## Work item
Do not include the pictures; repeat the rest of the data exactly.

——

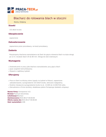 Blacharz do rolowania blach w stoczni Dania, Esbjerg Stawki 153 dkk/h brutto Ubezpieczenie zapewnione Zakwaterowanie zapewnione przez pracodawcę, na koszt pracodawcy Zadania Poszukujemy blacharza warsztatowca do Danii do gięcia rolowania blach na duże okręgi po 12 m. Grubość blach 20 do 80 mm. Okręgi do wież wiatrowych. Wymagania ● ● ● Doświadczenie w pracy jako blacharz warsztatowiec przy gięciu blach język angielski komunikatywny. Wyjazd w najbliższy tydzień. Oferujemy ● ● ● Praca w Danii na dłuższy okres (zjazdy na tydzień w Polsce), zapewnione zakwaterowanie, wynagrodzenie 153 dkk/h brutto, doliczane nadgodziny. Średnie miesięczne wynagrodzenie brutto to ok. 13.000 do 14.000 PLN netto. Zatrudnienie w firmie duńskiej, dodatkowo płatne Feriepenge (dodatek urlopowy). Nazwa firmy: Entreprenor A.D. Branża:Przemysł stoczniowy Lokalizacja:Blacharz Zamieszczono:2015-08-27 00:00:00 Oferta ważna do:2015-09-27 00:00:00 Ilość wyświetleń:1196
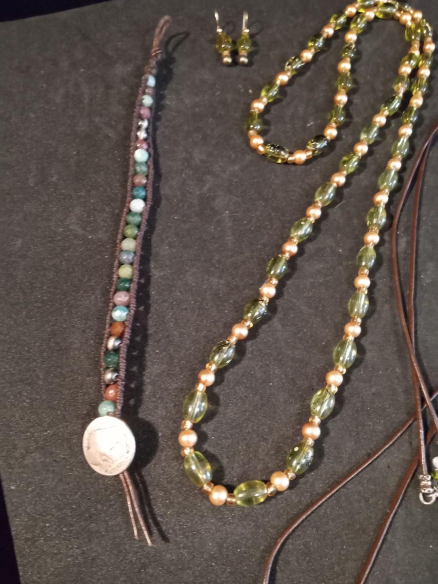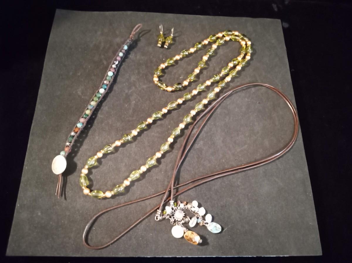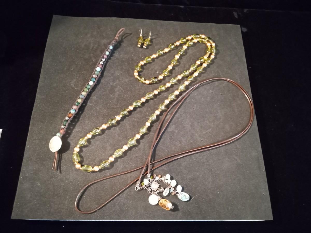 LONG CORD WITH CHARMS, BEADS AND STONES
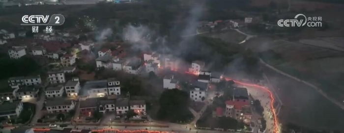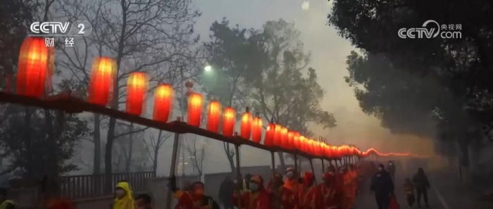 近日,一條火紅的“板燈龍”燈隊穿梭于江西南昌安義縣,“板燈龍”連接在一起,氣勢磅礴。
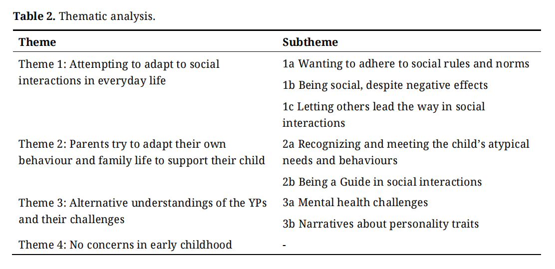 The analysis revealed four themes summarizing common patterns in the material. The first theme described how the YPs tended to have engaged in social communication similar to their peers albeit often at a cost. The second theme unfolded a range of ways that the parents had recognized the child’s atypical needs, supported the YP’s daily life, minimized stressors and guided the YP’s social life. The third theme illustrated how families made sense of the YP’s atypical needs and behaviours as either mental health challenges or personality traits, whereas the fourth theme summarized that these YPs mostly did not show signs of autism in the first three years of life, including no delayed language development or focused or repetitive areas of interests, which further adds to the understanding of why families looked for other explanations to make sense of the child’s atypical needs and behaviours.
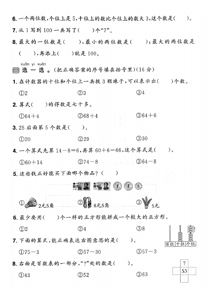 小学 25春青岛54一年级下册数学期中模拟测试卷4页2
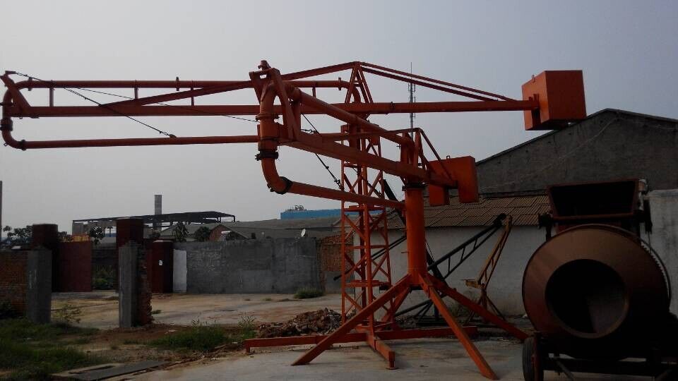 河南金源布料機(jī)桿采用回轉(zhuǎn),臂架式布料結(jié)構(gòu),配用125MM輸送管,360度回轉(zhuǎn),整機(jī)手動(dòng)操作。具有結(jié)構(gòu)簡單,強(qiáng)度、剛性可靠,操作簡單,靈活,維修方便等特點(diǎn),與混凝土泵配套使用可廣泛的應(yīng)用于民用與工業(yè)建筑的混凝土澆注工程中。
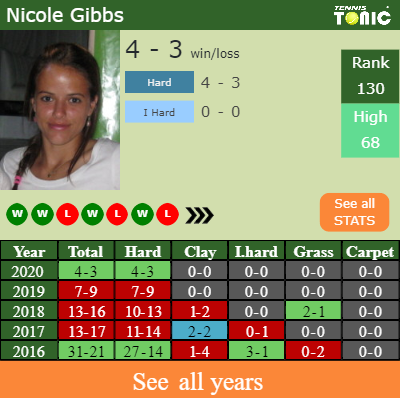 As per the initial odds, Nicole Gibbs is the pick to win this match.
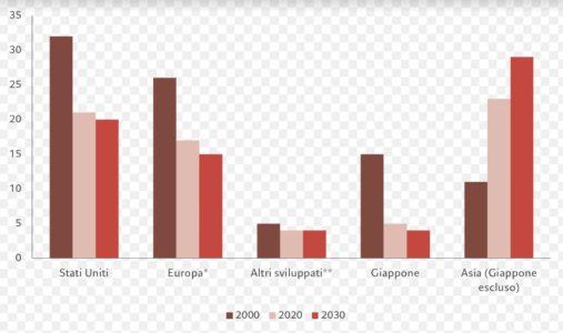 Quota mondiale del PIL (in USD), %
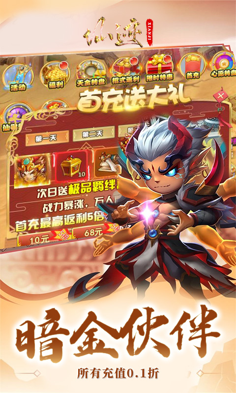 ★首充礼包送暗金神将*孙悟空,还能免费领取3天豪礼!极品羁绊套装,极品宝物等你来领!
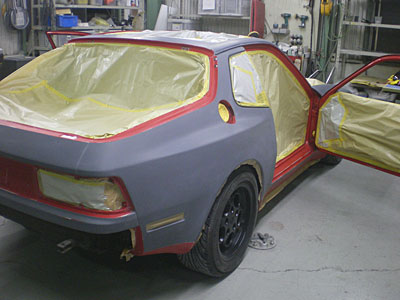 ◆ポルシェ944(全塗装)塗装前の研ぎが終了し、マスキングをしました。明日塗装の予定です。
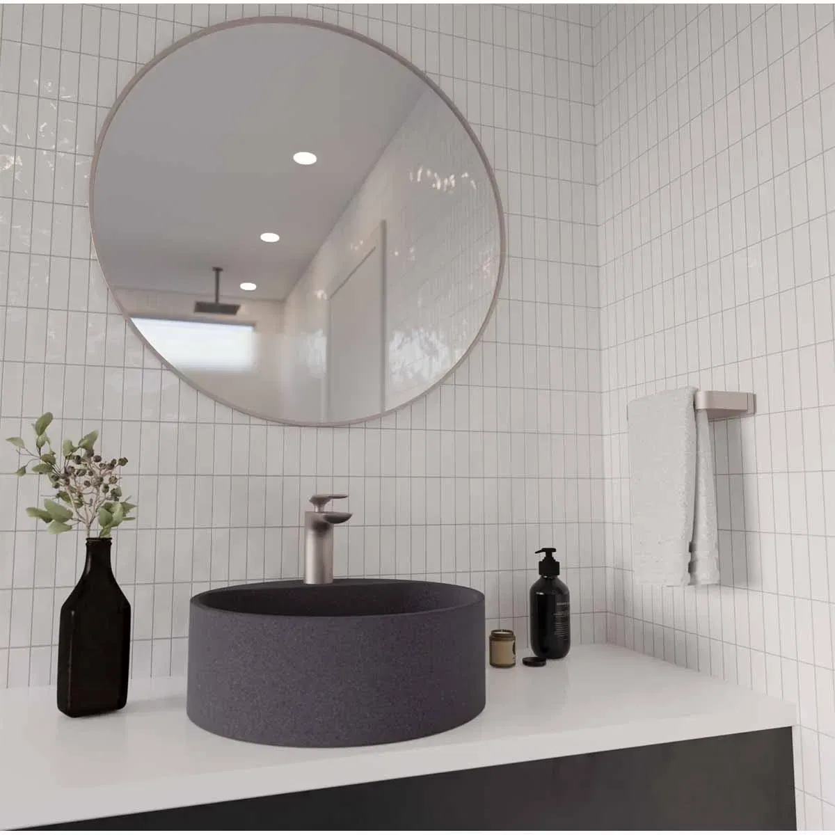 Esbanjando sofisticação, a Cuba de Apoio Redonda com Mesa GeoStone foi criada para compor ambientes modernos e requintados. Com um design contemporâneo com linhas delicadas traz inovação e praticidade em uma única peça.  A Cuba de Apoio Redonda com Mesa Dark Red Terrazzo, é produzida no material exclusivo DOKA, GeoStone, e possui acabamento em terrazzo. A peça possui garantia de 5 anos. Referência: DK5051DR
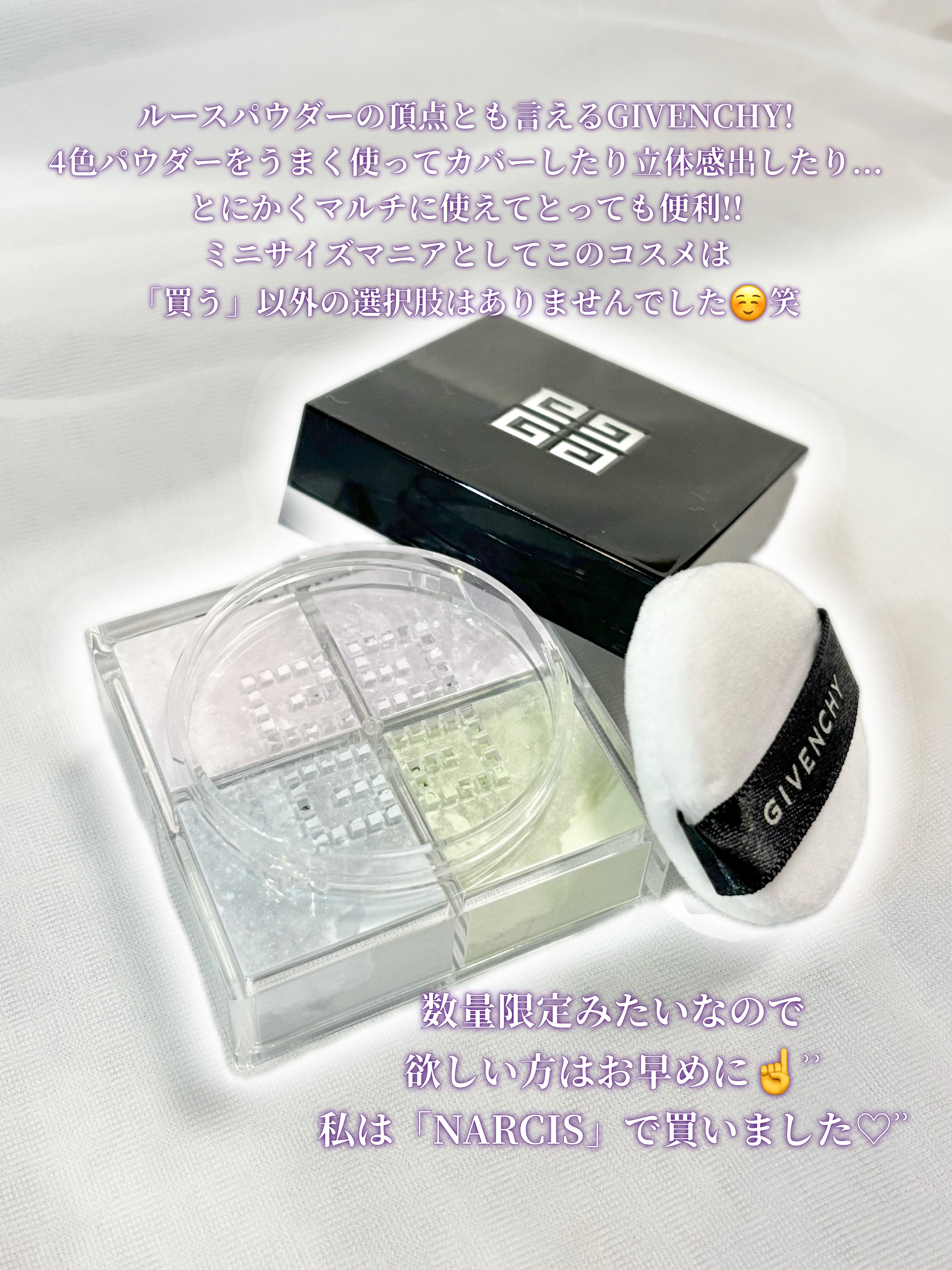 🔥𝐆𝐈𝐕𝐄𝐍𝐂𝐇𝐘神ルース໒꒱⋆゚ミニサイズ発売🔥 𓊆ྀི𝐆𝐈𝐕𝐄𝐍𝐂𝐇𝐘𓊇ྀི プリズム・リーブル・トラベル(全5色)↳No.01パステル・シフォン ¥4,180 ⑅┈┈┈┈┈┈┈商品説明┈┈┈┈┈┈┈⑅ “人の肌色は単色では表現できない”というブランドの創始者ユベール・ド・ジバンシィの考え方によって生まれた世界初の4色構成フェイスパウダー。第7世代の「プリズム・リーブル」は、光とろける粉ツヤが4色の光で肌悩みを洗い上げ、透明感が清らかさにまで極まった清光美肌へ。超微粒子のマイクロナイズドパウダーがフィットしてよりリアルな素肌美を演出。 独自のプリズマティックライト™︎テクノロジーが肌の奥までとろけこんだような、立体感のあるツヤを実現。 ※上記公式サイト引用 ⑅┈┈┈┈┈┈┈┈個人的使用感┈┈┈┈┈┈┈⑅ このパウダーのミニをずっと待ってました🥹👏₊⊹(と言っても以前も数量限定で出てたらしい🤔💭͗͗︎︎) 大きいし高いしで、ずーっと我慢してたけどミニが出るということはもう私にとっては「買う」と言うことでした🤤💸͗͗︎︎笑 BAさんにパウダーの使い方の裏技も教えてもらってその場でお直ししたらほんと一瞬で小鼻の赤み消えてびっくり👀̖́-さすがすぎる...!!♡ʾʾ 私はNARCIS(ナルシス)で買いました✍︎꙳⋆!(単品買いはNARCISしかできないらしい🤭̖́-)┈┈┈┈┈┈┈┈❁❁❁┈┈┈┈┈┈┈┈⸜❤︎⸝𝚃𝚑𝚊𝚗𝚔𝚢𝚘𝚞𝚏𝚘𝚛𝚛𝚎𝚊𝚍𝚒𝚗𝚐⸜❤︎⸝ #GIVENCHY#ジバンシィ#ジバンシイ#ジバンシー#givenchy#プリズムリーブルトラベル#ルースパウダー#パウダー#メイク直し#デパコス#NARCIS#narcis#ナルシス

——

## Task result
 Blacharz do rolowania blach w stoczni Dania, Esbjerg Stawki 153 dkk/h brutto Ubezpieczenie zapewnione Zakwaterowanie zapewnione przez pracodawcę, na koszt pracodawcy Zadania Poszukujemy blacharza warsztatowca do Danii do gięcia rolowania blach na duże okręgi po 12 m. Grubość blach 20 do 80 mm. Okręgi do wież wiatrowych. Wymagania ● ● ● Doświadczenie w pracy jako blacharz warsztatowiec przy gięciu blach język angielski komunikatywny. Wyjazd w najbliższy tydzień. Oferujemy ● ● ● Praca w Danii na dłuższy okres (zjazdy na tydzień w Polsce), zapewnione zakwaterowanie, wynagrodzenie 153 dkk/h brutto, doliczane nadgodziny. Średnie miesięczne wynagrodzenie brutto to ok. 13.000 do 14.000 PLN netto. Zatrudnienie w firmie duńskiej, dodatkowo płatne Feriepenge (dodatek urlopowy). Nazwa firmy: Entreprenor A.D. Branża:Przemysł stoczniowy Lokalizacja:Blacharz Zamieszczono:2015-08-27 00:00:00 Oferta ważna do:2015-09-27 00:00:00 Ilość wyświetleń:1196
 LONG CORD WITH CHARMS, BEADS AND STONES
 近日,一條火紅的“板燈龍”燈隊穿梭于江西南昌安義縣,“板燈龍”連接在一起,氣勢磅礴。
 The analysis revealed four themes summarizing common patterns in the material. The first theme described how the YPs tended to have engaged in social communication similar to their peers albeit often at a cost. The second theme unfolded a range of ways that the parents had recognized the child’s atypical needs, supported the YP’s daily life, minimized stressors and guided the YP’s social life. The third theme illustrated how families made sense of the YP’s atypical needs and behaviours as either mental health challenges or personality traits, whereas the fourth theme summarized that these YPs mostly did not show signs of autism in the first three years of life, including no delayed language development or focused or repetitive areas of interests, which further adds to the understanding of why families looked for other explanations to make sense of the child’s atypical needs and behaviours.
 小学 25春青岛54一年级下册数学期中模拟测试卷4页2
 河南金源布料機(jī)桿采用回轉(zhuǎn),臂架式布料結(jié)構(gòu),配用125MM輸送管,360度回轉(zhuǎn),整機(jī)手動(dòng)操作。具有結(jié)構(gòu)簡單,強(qiáng)度、剛性可靠,操作簡單,靈活,維修方便等特點(diǎn),與混凝土泵配套使用可廣泛的應(yīng)用于民用與工業(yè)建筑的混凝土澆注工程中。
 As per the initial odds, Nicole Gibbs is the pick to win this match.
 Quota mondiale del PIL (in USD), %
 ★首充礼包送暗金神将*孙悟空,还能免费领取3天豪礼!极品羁绊套装,极品宝物等你来领!
 ◆ポルシェ944(全塗装)塗装前の研ぎが終了し、マスキングをしました。明日塗装の予定です。
 Esbanjando sofisticação, a Cuba de Apoio Redonda com Mesa GeoStone foi criada para compor ambientes modernos e requintados. Com um design contemporâneo com linhas delicadas traz inovação e praticidade em uma única peça.  A Cuba de Apoio Redonda com Mesa Dark Red Terrazzo, é produzida no material exclusivo DOKA, GeoStone, e possui acabamento em terrazzo. A peça possui garantia de 5 anos. Referência: DK5051DR
 🔥𝐆𝐈𝐕𝐄𝐍𝐂𝐇𝐘神ルース໒꒱⋆゚ミニサイズ発売🔥 𓊆ྀི𝐆𝐈𝐕𝐄𝐍𝐂𝐇𝐘𓊇ྀི プリズム・リーブル・トラベル(全5色)↳No.01パステル・シフォン ¥4,180 ⑅┈┈┈┈┈┈┈商品説明┈┈┈┈┈┈┈⑅ “人の肌色は単色では表現できない”というブランドの創始者ユベール・ド・ジバンシィの考え方によって生まれた世界初の4色構成フェイスパウダー。第7世代の「プリズム・リーブル」は、光とろける粉ツヤが4色の光で肌悩みを洗い上げ、透明感が清らかさにまで極まった清光美肌へ。超微粒子のマイクロナイズドパウダーがフィットしてよりリアルな素肌美を演出。 独自のプリズマティックライト™︎テクノロジーが肌の奥までとろけこんだような、立体感のあるツヤを実現。 ※上記公式サイト引用 ⑅┈┈┈┈┈┈┈┈個人的使用感┈┈┈┈┈┈┈⑅ このパウダーのミニをずっと待ってました🥹👏₊⊹(と言っても以前も数量限定で出てたらしい🤔💭͗͗︎︎) 大きいし高いしで、ずーっと我慢してたけどミニが出るということはもう私にとっては「買う」と言うことでした🤤💸͗͗︎︎笑 BAさんにパウダーの使い方の裏技も教えてもらってその場でお直ししたらほんと一瞬で小鼻の赤み消えてびっくり👀̖́-さすがすぎる...!!♡ʾʾ 私はNARCIS(ナルシス)で買いました✍︎꙳⋆!(単品買いはNARCISしかできないらしい🤭̖́-)┈┈┈┈┈┈┈┈❁❁❁┈┈┈┈┈┈┈┈⸜❤︎⸝𝚃𝚑𝚊𝚗𝚔𝚢𝚘𝚞𝚏𝚘𝚛𝚛𝚎𝚊𝚍𝚒𝚗𝚐⸜❤︎⸝ #GIVENCHY#ジバンシィ#ジバンシイ#ジバンシー#givenchy#プリズムリーブルトラベル#ルースパウダー#パウダー#メイク直し#デパコス#NARCIS#narcis#ナルシス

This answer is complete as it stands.